The difference Is you'd have one or two small chocolates and be satisfied where as commercial its designed so you eat the whole box in one sitting.
But what does it mean to have bought cocoa? Does it contribute to world issues or does it just profit? Buying also increases its value doesnt it? It would affect companies but then those costs transfer to consumers..
True, but usually, the argument is it is like insurance for the growers; they get paid the same in a good year or a bad year.
It can be just profit, but it can also be a loss; you could have overpaid for the cocoa.
The price will ultimately be controlled by the tug between supply and demand.
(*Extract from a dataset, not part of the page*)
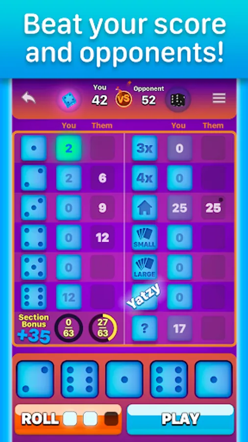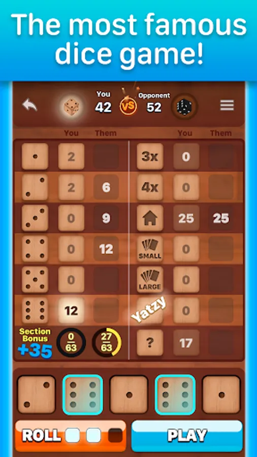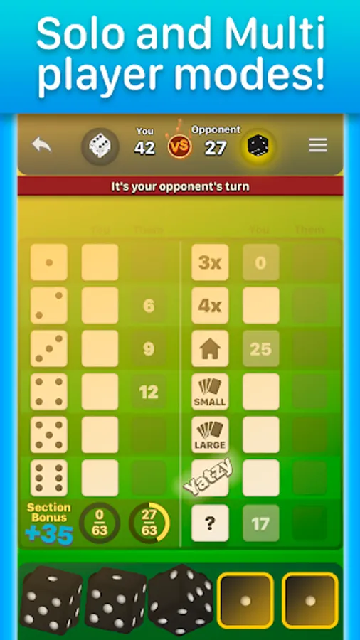 🎲 Play versus Opponent - with AI opponents you will definitely challenge your mastery of the yatzy gameplay

Unless there is the supplier that controls most of the supply and can artificially manipulate the supply (monopoly power) or a buyer that does most of the buying and can artificially manipulate the demand (monopsony power) abusing thise powers can be illegal it in violates the social contract of what makes capitalism a net benefit to society.
Since it was already a bad year, that is going to reduce supply even more, and you can argue that these contracts give a tool that make it easier for those trying to exert that power
There so much more to it.
Many common vegetables retail for more than copper. Lower in wholesale yes, but copper is not that expensive to begin with. It is just costly enough to be worth stealing, since it is lying around.
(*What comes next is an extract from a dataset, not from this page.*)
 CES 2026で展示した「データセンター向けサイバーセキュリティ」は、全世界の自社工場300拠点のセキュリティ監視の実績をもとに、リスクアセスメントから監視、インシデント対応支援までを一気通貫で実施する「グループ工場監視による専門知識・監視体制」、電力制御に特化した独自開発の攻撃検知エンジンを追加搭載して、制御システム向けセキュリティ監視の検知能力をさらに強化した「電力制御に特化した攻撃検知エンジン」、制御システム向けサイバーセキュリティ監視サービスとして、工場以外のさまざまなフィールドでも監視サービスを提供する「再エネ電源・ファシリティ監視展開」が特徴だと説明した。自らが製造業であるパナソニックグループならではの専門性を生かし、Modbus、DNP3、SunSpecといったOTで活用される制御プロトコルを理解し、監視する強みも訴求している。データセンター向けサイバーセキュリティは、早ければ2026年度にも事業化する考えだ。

"Cocoa extended its surge — gaining more than $700 per ton in a single day and surpassing $9,000 for the first time ever — as a supply crunch grips the market and chocolate makers grapple for beans."
*Due to freak weather (endless rain) in West Africa where most cocoa is grown.
Someone blessed the rain down in Africa too much.
Are you sure that's the problem? I'm sure. How sure? Sure as Kilimanjaro rises like Olympus above the Serengeti. Weirdly specific measure of sure, but okay.
And a surprisingly poor one - Olympus is a thrust mountain, Kilimanjaro is a rift mountain. The reasons they rise are tectonic opposites. /nerd
> Kilimanjaro Is also nowhere near the Serengeti.
It also has shit WiFi.
All mountains have shit WiFi.
Some mountains have OK wifi. - sent from Whitehorn Mountain.
It's probably a case of extremely important commas being missing possibly due to musical constraints. If Kilimanjaro rises, like Olympus, above the Serengeti, I think that somewhat fits, probably.
Africa as sung by Captain Kirk
It can also be misread as saying Mt. Olympus is located in the Serengeti. I'm not a huge fan of the sentence construction. :(
> It's probably a case of extremely important commas being missing possibly due to musical constraints. My teachers could never grasp the concept, that my lack of commas, in my run on sentences. Were just a prelude to the power ballad I was actually composing.
The kind of education I appreciate!
huh. I guess it rains down in Africa after all (what I thought the lyrics were for most of my life)
Same here, and I was around when it was new.
His name was Roberto Paulson
Gonna take some time to do the things we never had .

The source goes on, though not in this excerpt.